The shortcomings of the existing ensemble while adding a new simple model is measured by the gradient of the loss. To be more specific, the parameters for the new base model to be added, is chosen such that loss is reduced, moving in the direction of the negative gradient of the loss function.

Sales Lead Data from CRM

We will be using sales lad data from a fictitious CRM system with the following attributes as our use case.

  1. id
  2. source of lead e.g trade show, web down load etc
  3. lead contact type e.g has recommendation authority
  4. lead company size
  5. number of days so far in CRM pipeline
  6. number of meetings so far with lead and others in lead’s company
  7. number of emails exchanged so far with lead and others in lead’s company
  8. number of web site visits so far by the lead and and others in lead’s company
  9. number of demos so far
  10. expected revenue from the deal
  11. whether proposal with price quote sent
  12. whether the lead converted

Since most of the feature attributes are time dependent i.e time spent in the sales pipeline, the prediction also depends on the time spent in the pipeline.

The first attribute is an ID which is ignored. The last attribute is the target or class label. The rest are feature attributes.  Here is  some sample data.
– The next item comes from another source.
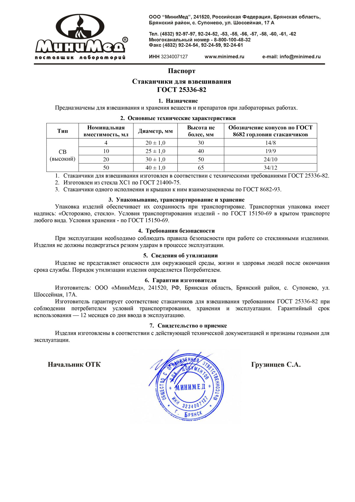 Изготовлен в соответствии с техническими требованиями ГОСТ 25336-82.

7E561S3X62,referral,canReccommend,large,50,7,14,4,3,49679,N,1
RH19V26CX5,tradeShow,canDecide,large,58,6,10,8,4,46127,N,0
3GXMOW46MA,referral,canReccommend,large,84,6,8,3,3,30000,N,1
3WYD4CY31A,advertisement,canDecide,medium,42,9,5,2,2,44659,N,0
GUXRCLV835,webDownload,canReccommend,large,43,4,8,1,3,46172,N,0
9XXGCOBGWR,webDownload,canDecide,small,23,5,12,1,4,45789,N,0
SGZS58ESSU,webDownload,canReccommend,medium,67,6,12,6,3,38449,N,0

Predictive Modeling Framework

To make it easier and to keep it inline with the  predictive model development life cycle process, I have created an abstraction wrapper class on top of ScikitLearn  suoervised  learning algorithms. The API of the abstraction class consists of these essential methods, each of them corresponding to a phase in the predictive model development life cycle.
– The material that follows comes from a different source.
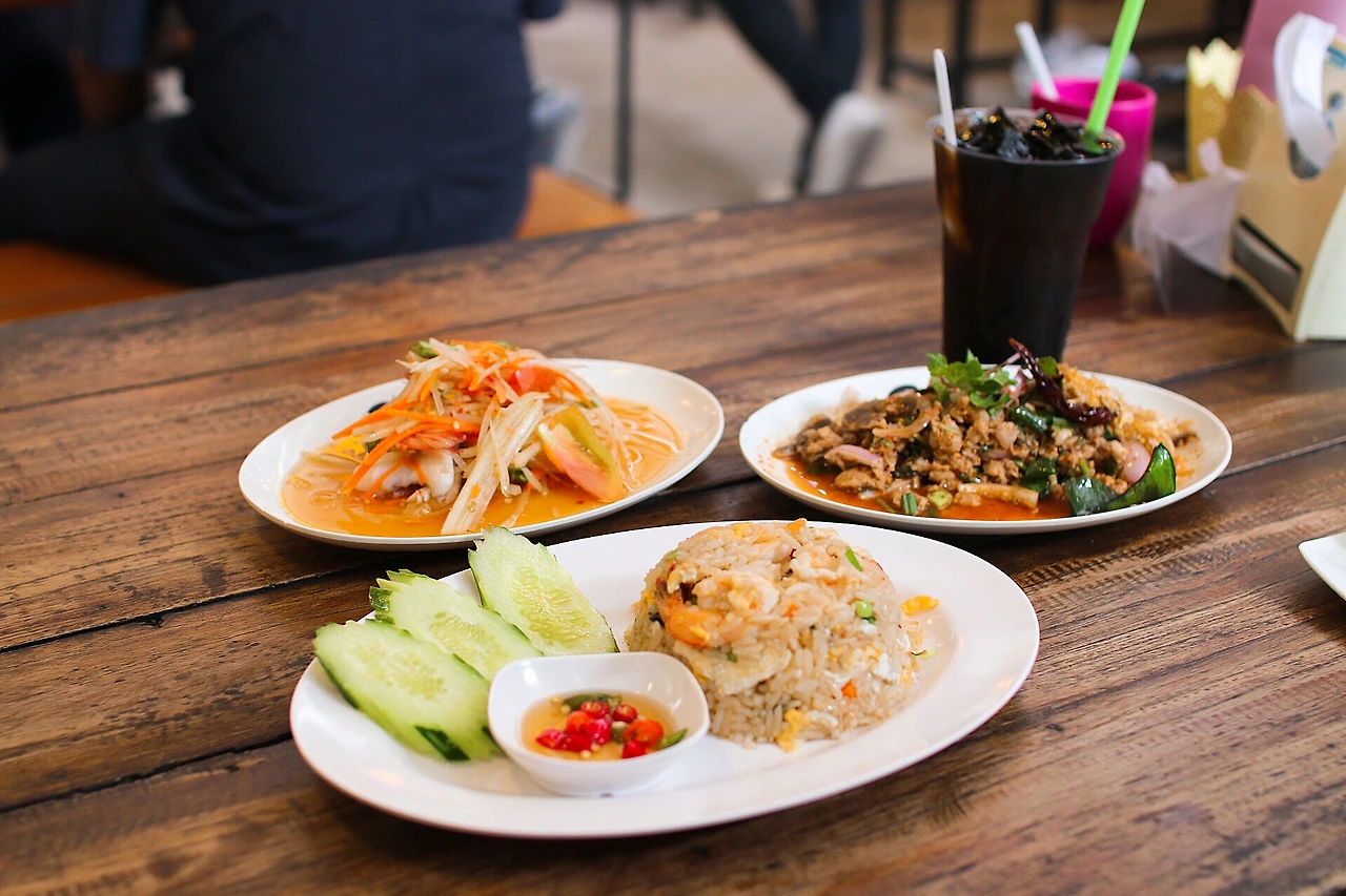 ‘Solao’라는 현지 식당에 가서 해산물 쏨땀, 오리 고기 볶음 요리, 새우볶음밥, 밀크티 총 4개를 주문했다. 한 접시로만 놓고 보면 약 4-50바트로, 한화로 2천원도 안되는 가격이라 굉장히 저렴하다고 볼 수 있다. 싸다는 이유로 이렇게 한 접시, 두 접시, 음료까지 시키다보니 한국에서 한 끼 먹는 값이 훌쩍 넘더라. 가격보고 돈 막 쓰다가 금방 파산할 것 같다는 생각이 들었다.(여행 4일차에 정말 파산해서 추가 환전 했다고 한다.)

  • train() : Builds predictive model and reports the training error. Used to decide the trade off between model complexity and training data size, by keeping training error within acceptable limit.
  • trainValidate(): Build predictive model, cross validates and reports test or generalization error. Uses K Fold cross validation or comparable techniques. You can do parameter tuning to minimize generalization error by searching the parameter space.
  • predict(): Makes prediction. This is the method that get called when the predictive model is deployed for use.
  • validate(): Makes prediction using existing predictive model and newer data and reports error. Used to detect predictive model drift, using newer data and an existing model.

Parameter tuning during training and validation is an optimization problem, where our goal is to find the combination of parameter values that gives us the lowest generalization error.
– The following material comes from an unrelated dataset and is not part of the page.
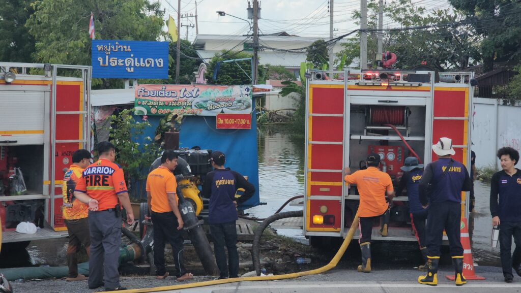 เมื่อเวลา 10.00 น. วันที่ 16 ตุลาคม 2568 ที่ ปากซอย บงกช 48 (ซอยประดู่แดง) ตำบลคลองสอง อำเภอคลองหลวง จังหวัดปทุมธานี นายยุทธศักดิ์ ชูประเสริฐ นายกเทศมนตรีเมืองคลองหลวง พร้อมด้วย นายทองสุก แสนจักร สมาชิกสภา อบจ.เขตเลือกตั้งที่ 3 อ.คลองหลวง นางสาวพรปริญญา ศรีจันทร์ สมาชิกสภา อบจ.เขตเลือกตั้งที่ 5 อ.คลองหลวง คณะผู้บริหารเทศบาลเมืองคลองหลวง เจ้าหน้าที่ป้องกันและบรรเทาสาธารณภัย ทม.คลองหลวง และ เจ้าหน้าที่เทศกิจ ทม.คลองหลวง ระดมลงพื้นที่ เพื่อบรรเทาความเดือดร้อนของประชาชน ซอย บงกช 48 หลังเกิดฝนตกและมีน้ท่วมขังในชุมชนประดู่แดงมาเป็นเวลานาน ซึ่งก่อนหน้านี้ ทาง ทม.คลองหลง ได้ติดตั้งเครืองสูบน้ำเอาไว้ที่บริเวณปากซอย แต่เนื่องจากเคืองขัดคล่อง ระดับน้ำท่วมถนนเริ่มจะเข้าบ้านเรือนประชาชน ทำให้ทาง นายยุทธศักดิ์ ชูประเสริฐ นายกเทศมนตรีเมืองคลองหลวง สังการเร่งด่วนให้ทาง เจ้าหน้าที่ป้องกันและบรรเทาสาธารณภัย ทม.คลองหลง นำรถดับเพลิง หลายคันเร่งดำเนินการสูบน้ำเพื่อบรรเทาความเดือดร้อนของประชาชน พร้อมประสาน นางสาวพรปริญญา ศรีจันทร์ สมาชิกสภา อบจ.เขตเลือกตั้งที่ 5 อ.คลองหลวง ช่วยขอเครื่องสูบน้ำจากทาง อบจ.ปทุมธานี มาตรงจุดนี้เพื่อเร่งแก้ไขปัญหา

Depending on the number of parameters and the values for the parameters, you may be up against a combinatorial explosion problem, running into millions of possible combination of parameters values.

Grid search through the parameter space is not practical for such scenario. Generally this is done with grid search or random search optimization algorithms with Machine Learning libraries.

I am working on various stochastic optimization algorithms for parameter tuning. The user will be able to choose the parameter optimization technique desired with appropriate configuration.

Configuration

With the framework and the provided driver code in avenir, you can use ScikitLearn predictive modeling algorithms without writing any python code. A comprehensive property file based configuration makes this possible.

The configuration  parameters are divided into multiple groups as below. Except for common, each group has direct correspondence to the framework methods listed above.

  • common : These configuration parameters algorithmic agnostic and are required for all of the frame works methods
  • train: Contains configuration parameters for train() and tranValidate() methods. Not all parameters under this group gets used by tarin() or trainValidate()
  • predict: Contains configuration parameters for predict() when the model gets deployed in production
  • validate: Contains configuration parameters for  validate() used to detect model drift, after it’s been deployed and in use

Here is the complete list of configuration with explanation. Each configuration parameter name is prefixed with the group names listed above. The values are are to be treated as sample. You are free to change them. Gradient Boosting related parameters are indicated along with corresponding ScikitLearn parameter names

Default value is indicated by _. You can also use None, to indicate that no value is specified for a parameter. If a configuration parameter is mandatory, there is no default and it’s not provided, an exception gets thrown.

Name and Value Comment
common.mode = trainValidate mode of execution
common.model.directory = model model save directory
common.model.file = crm_gb_model saved model file name
common.preprocessing = _ pre processing steps
train.data.file = leads_5000.txt input data file name
train.data.fields = 0,1,2,3 etc. coma separated list of column indexes
train.data.feature.fields = 0,1,2 etc coma separated list of feature column indexes
 train.data.class.field = 17  class field index
 train.validation = kfold  cross validation method
 train.num.folds = 5  number of folds
 train.min.samples.split = 4  GBT  specific (min_samples_split)
 train.min.samples.leaf = 4  GBT  specific (min_samples_leaf)
 train.min.weight.fraction.leaf = 0.1  GBT  specific (min_weight_fraction_leaf)
 train.max.depth = 3  GBT  specific (max_depth)
 train.max.leaf.nodes = None  GBT  specific (max_leaf_nodes)
 train.max.features = _  GBT  specific (max_features)
 train.learning.rate = 0.10  GBT  specific (learning_rate)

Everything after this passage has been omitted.